DATA SHOWN:
= Beginning of Section =
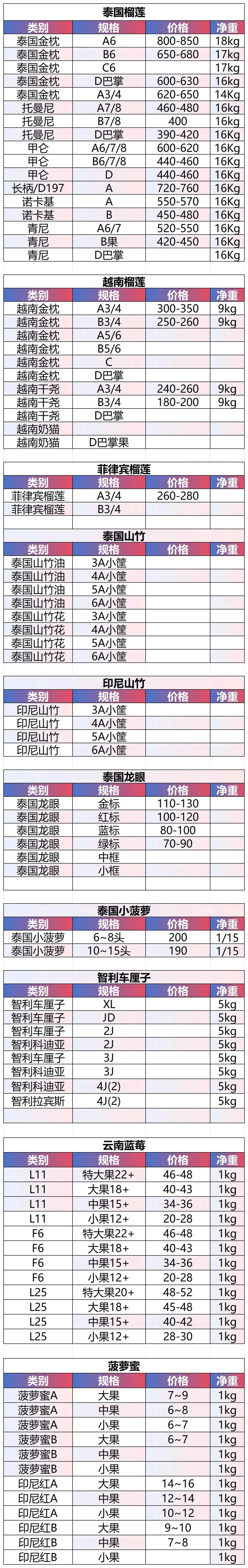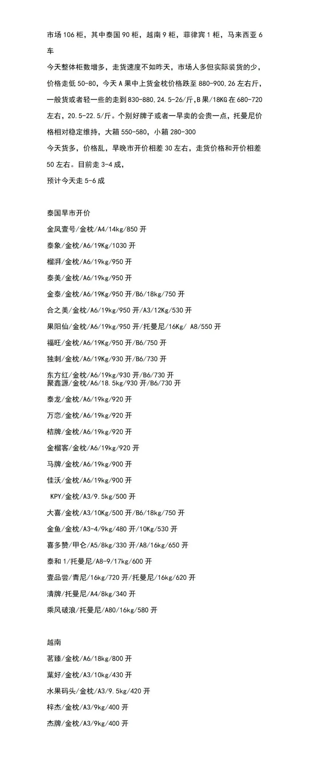 --新柜19条旧柜9条。日出货量7层左右。小品种产季即将结束。泰国金枕头陆续增量出货快,价格稳中偏弱。
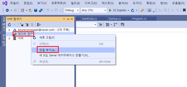 그런다음 Visual Studio 상으로 서버탐색기상에서 직접 아래 그림을 참고하여 접속하면 된다.
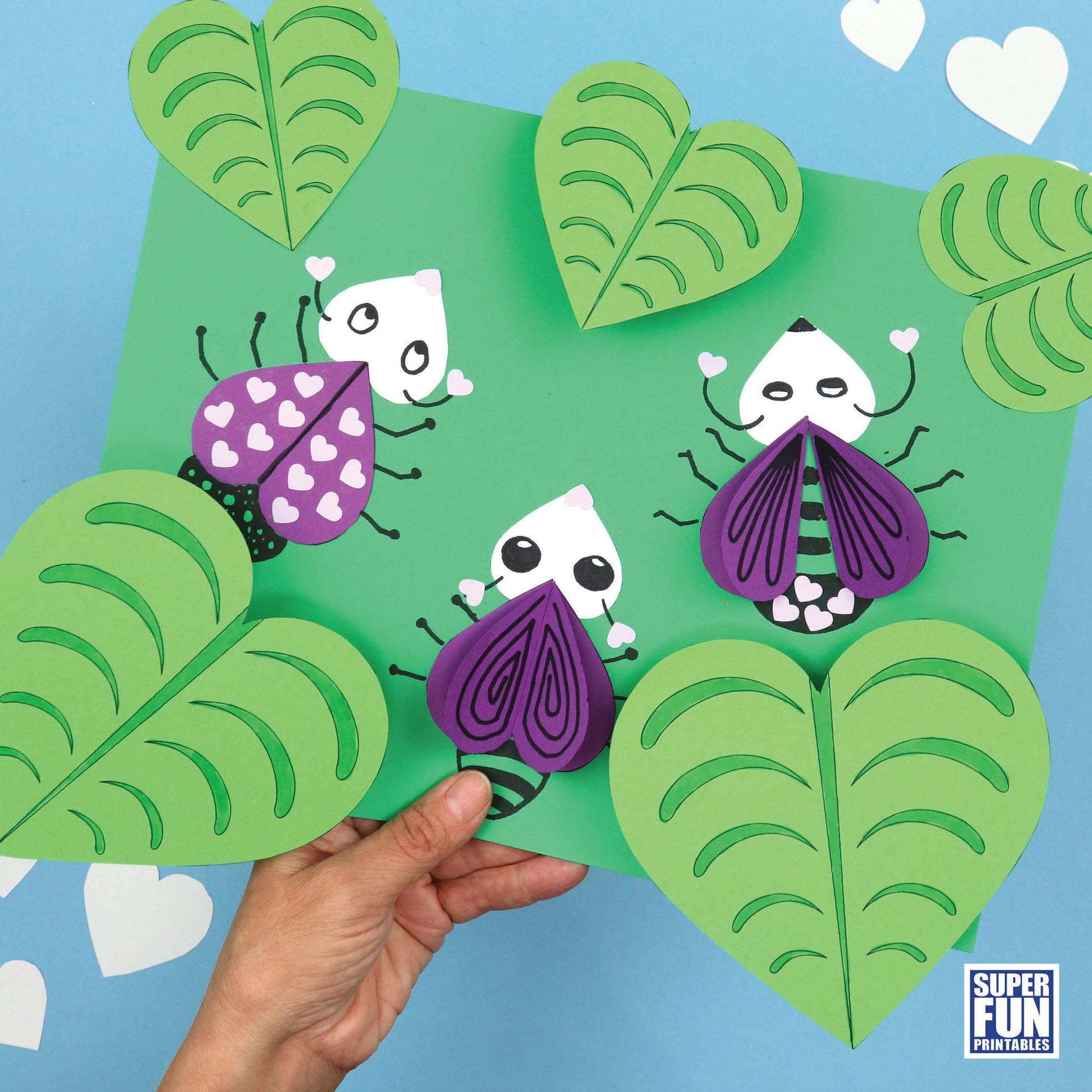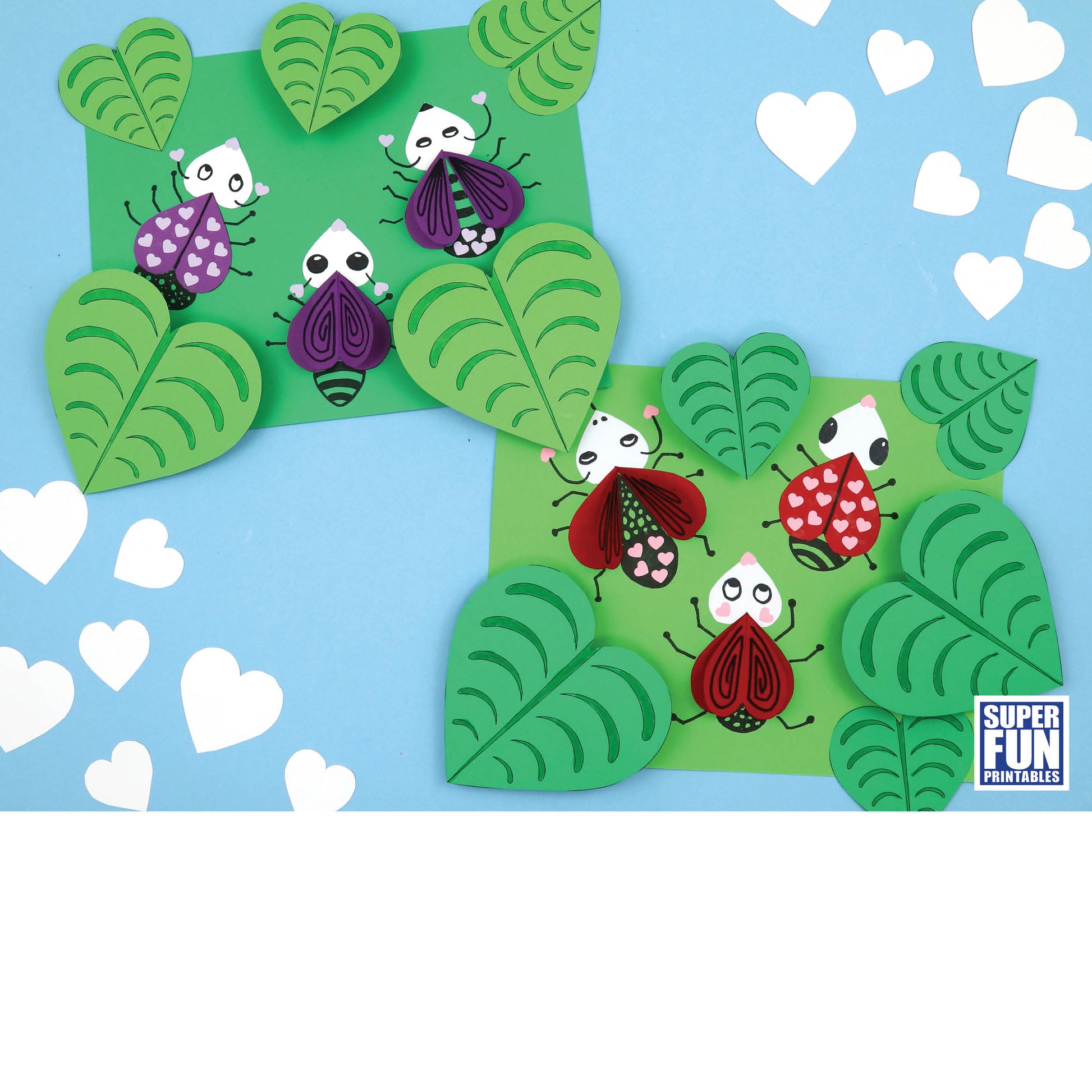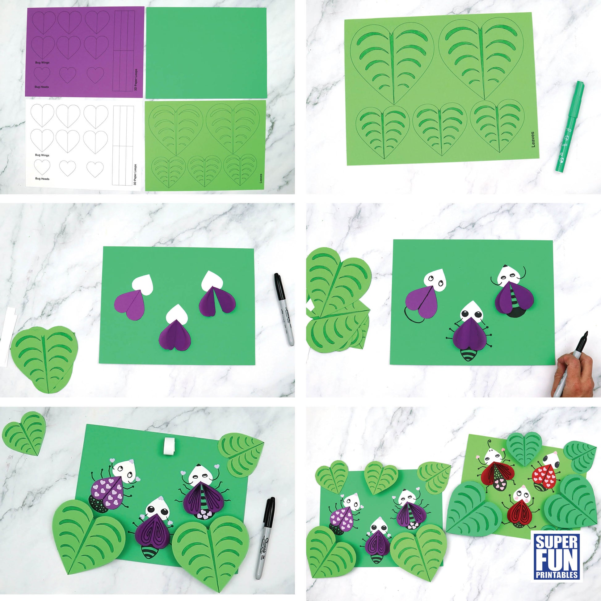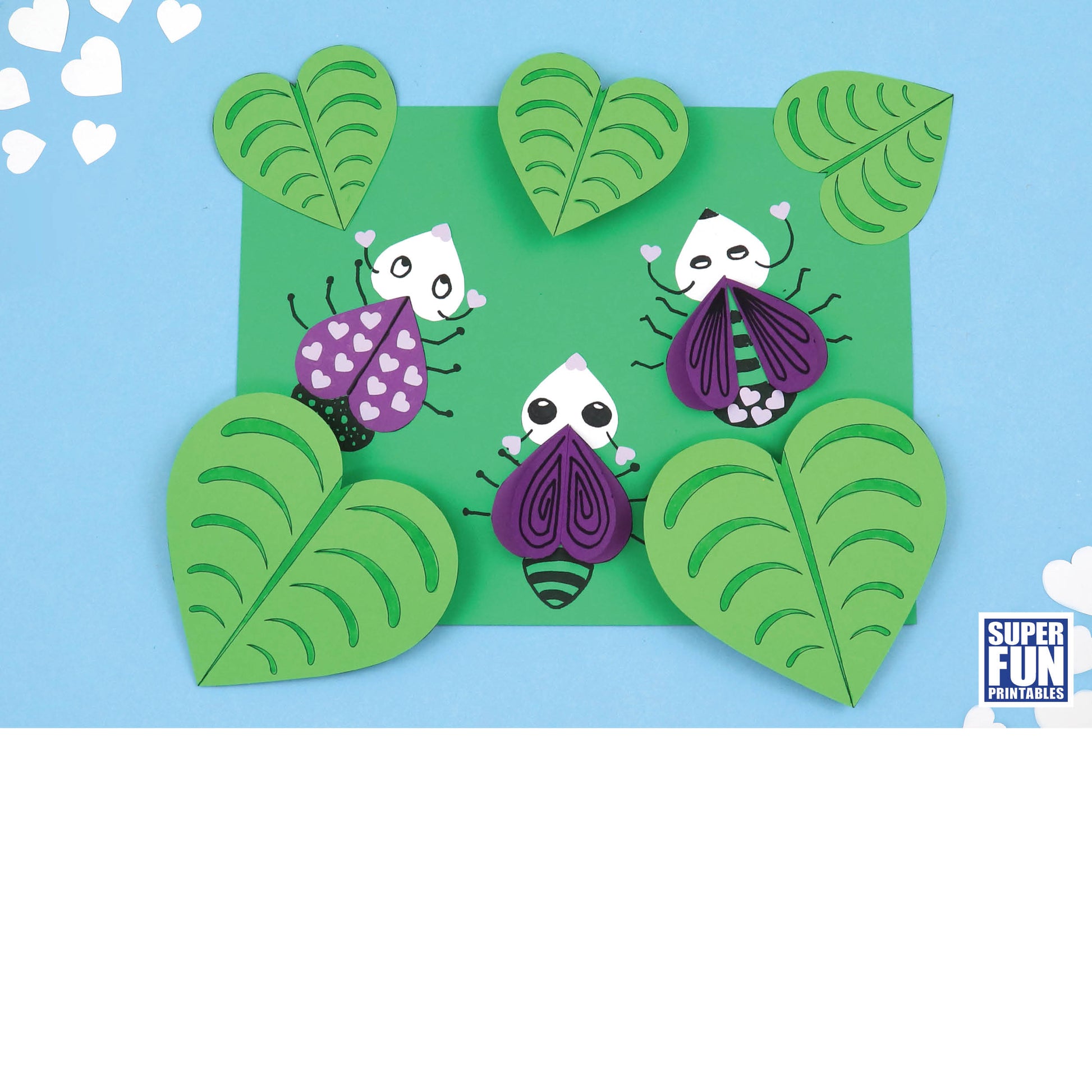 Create the cutest 3D Mini Lovebugs from heart shapes using this template. The finished project has a 3D 'pop out' effect with raised leaves and bug wings.
= End of Section =
PROMPT:
Transcribe the data verbatim. No picture belongs in the result.

RESULT:
 --新柜19条旧柜9条。日出货量7层左右。小品种产季即将结束。泰国金枕头陆续增量出货快,价格稳中偏弱。
 그런다음 Visual Studio 상으로 서버탐색기상에서 직접 아래 그림을 참고하여 접속하면 된다.
 Create the cutest 3D Mini Lovebugs from heart shapes using this template. The finished project has a 3D 'pop out' effect with raised leaves and bug wings.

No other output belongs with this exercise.